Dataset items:
************
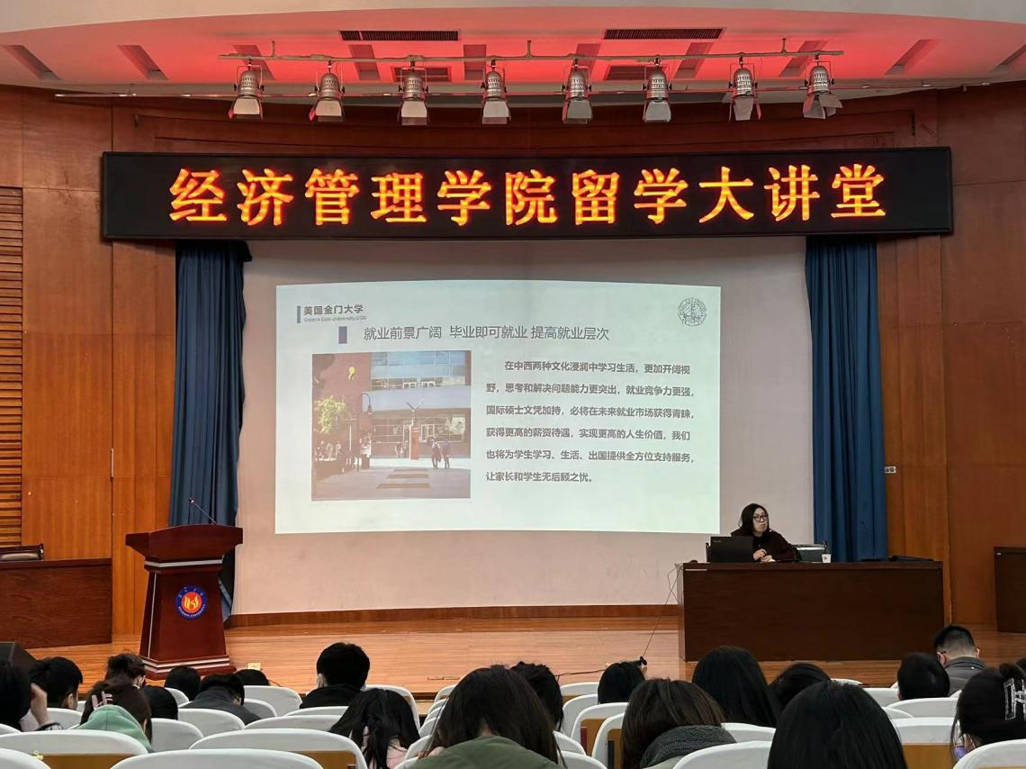 本次讲座,两位老师主要从以下三点为同学展开讲解:一为什么要留学;二热门地区/国家研究生申请指南;三关于韩国和美国留学方面的相关知识以及相关准备工作。对于国外留学和国内考研的问题,林老师通过讲解个人在韩国的留学生涯向大家解释了为什么要出国留学以及出国留学的意义;随后,谢老师对美国金门立大学进行了介绍,详细讲解了相关专业课程。最后,老师们希望,有留学意向的学生提前做好准备,严格要求自己,培养自己的独立能力,多多关注留学的注意事项以及政策动态,做好万无一失的准备。
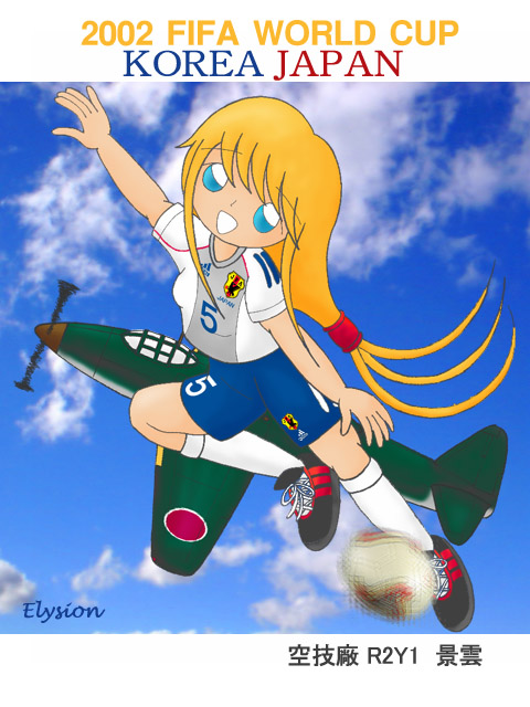 日本のアウェー用ユニフォームで決めた、Elysionさんトコの看板娘・真理亜ちゃんです。バックは日本海軍の試作高々度偵察機・景雲です。熱田三〇型水冷エンジンをタンデム接続したハ七〇エンジンを胴体中央に搭載、そこから4mもの延長軸を介して6葉のプロペラを回すという、大胆とも無謀とも言える設計でした。最高速度780km/hをうたった本機も、戦局の悪化に伴う開発整理により消滅してしまいました。
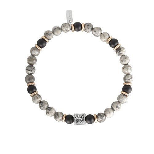 BRACCIALE IN ACCIAIO 316L, PVD NERO E PIETRE NATURALI DIASPRO E ONICE
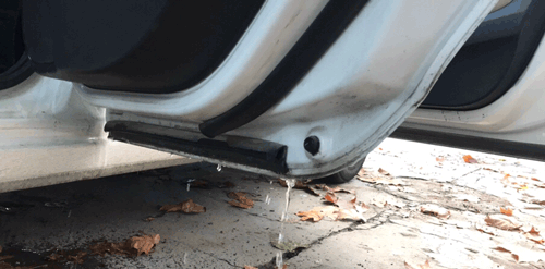当开关车门时,或者行驶中,会听到明显的水声,水在门里面晃动产生的,就是门内积水了。这时只需找个细的铁丝或细螺丝刀之类的,疏通一下排水孔即可,自己也能搞定。
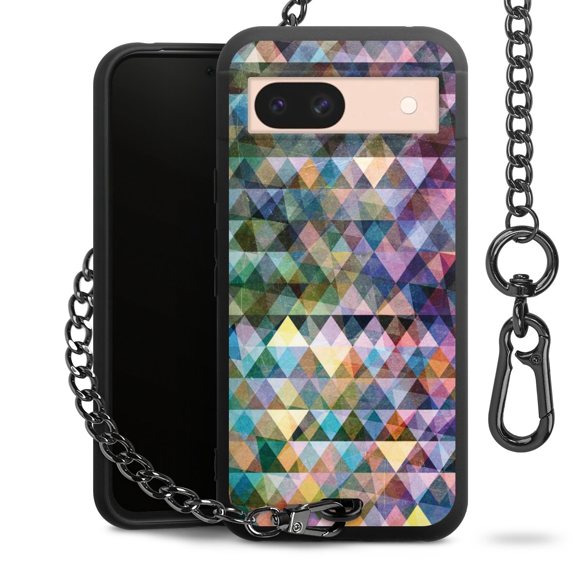 • Mattschwarze Handyhülle mit Metallkette
************
### [What to produce]
Please set down the records exactly, and keep every image out of the copy.

### [Answer for this exercise]
 本次讲座,两位老师主要从以下三点为同学展开讲解:一为什么要留学;二热门地区/国家研究生申请指南;三关于韩国和美国留学方面的相关知识以及相关准备工作。对于国外留学和国内考研的问题,林老师通过讲解个人在韩国的留学生涯向大家解释了为什么要出国留学以及出国留学的意义;随后,谢老师对美国金门立大学进行了介绍,详细讲解了相关专业课程。最后,老师们希望,有留学意向的学生提前做好准备,严格要求自己,培养自己的独立能力,多多关注留学的注意事项以及政策动态,做好万无一失的准备。
 日本のアウェー用ユニフォームで決めた、Elysionさんトコの看板娘・真理亜ちゃんです。バックは日本海軍の試作高々度偵察機・景雲です。熱田三〇型水冷エンジンをタンデム接続したハ七〇エンジンを胴体中央に搭載、そこから4mもの延長軸を介して6葉のプロペラを回すという、大胆とも無謀とも言える設計でした。最高速度780km/hをうたった本機も、戦局の悪化に伴う開発整理により消滅してしまいました。
 BRACCIALE IN ACCIAIO 316L, PVD NERO E PIETRE NATURALI DIASPRO E ONICE
当开关车门时,或者行驶中,会听到明显的水声,水在门里面晃动产生的,就是门内积水了。这时只需找个细的铁丝或细螺丝刀之类的,疏通一下排水孔即可,自己也能搞定。
 • Mattschwarze Handyhülle mit Metallkette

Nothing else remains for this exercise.